Return the data below exactly, please, but drop the pictures.

■ Supplied information:
***

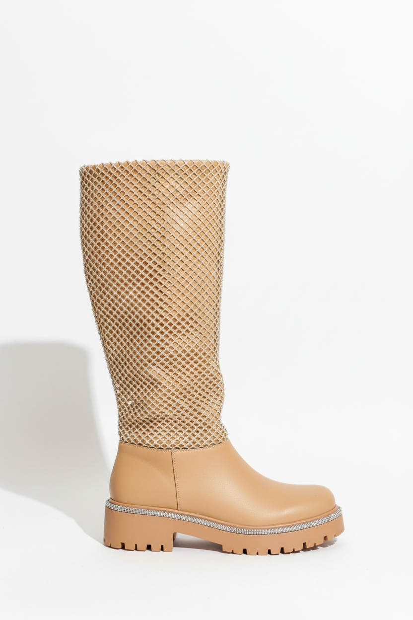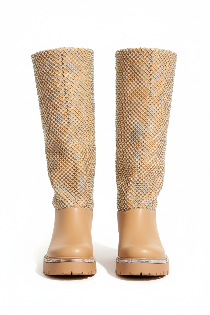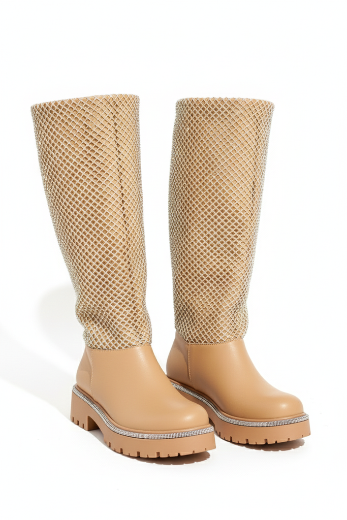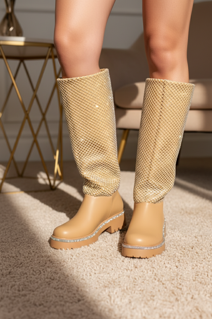 Botas altas UNIYA | NUDE con caña cubierta de malla dorada con brillo. Su diseño combina un estilo elegante y moderno con una suela chunky y detalles de pedrería en el borde, perfectas para elevar cualquier look casual o de noche.
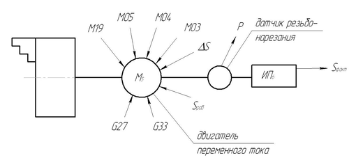 Эта функция предусматривает включение/отключение привода, выбор направления вращения и диапазона частот вращения, стабилизацию частоты вращения (обратная связь по скорости), аварийный останов привода. В некоторых случаях требуется программное изменение угла поворота (например, при нарезании резьбы), ориентированный поворот шпинделя (при смене инструмента), смена режима работы (при работе многоцелевого токарно-фрезерного станка). Часть управляющих сигналов формируется в соответствии с определенными значениями вспомогательных функций в управляющей программе. Например:
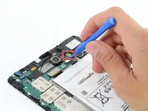 Используйте пластиковый инструмент для разборки, чтобы отсоединить зеленовато-золотой разъем верхнего динамика от материнской платы.
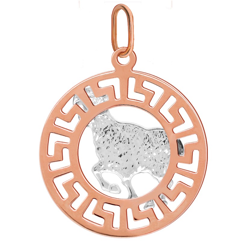 Wyobrażenie znaku zodiaku Wodnik wykonane z białego złota, natomiast podstawa jaką jest okrąg motywu Greckiego wykonany jest z czerwonego złota. Przywieszka jest wypolerowana przez co pięknie lśni i prezentuje się bardzo elegancko.

***

■ Written response:
 Botas altas UNIYA | NUDE con caña cubierta de malla dorada con brillo. Su diseño combina un estilo elegante y moderno con una suela chunky y detalles de pedrería en el borde, perfectas para elevar cualquier look casual o de noche.
 Эта функция предусматривает включение/отключение привода, выбор направления вращения и диапазона частот вращения, стабилизацию частоты вращения (обратная связь по скорости), аварийный останов привода. В некоторых случаях требуется программное изменение угла поворота (например, при нарезании резьбы), ориентированный поворот шпинделя (при смене инструмента), смена режима работы (при работе многоцелевого токарно-фрезерного станка). Часть управляющих сигналов формируется в соответствии с определенными значениями вспомогательных функций в управляющей программе. Например:
 Используйте пластиковый инструмент для разборки, чтобы отсоединить зеленовато-золотой разъем верхнего динамика от материнской платы.
 Wyobrażenie znaku zodiaku Wodnik wykonane z białego złota, natomiast podstawa jaką jest okrąg motywu Greckiego wykonany jest z czerwonego złota. Przywieszka jest wypolerowana przez co pięknie lśni i prezentuje się bardzo elegancko.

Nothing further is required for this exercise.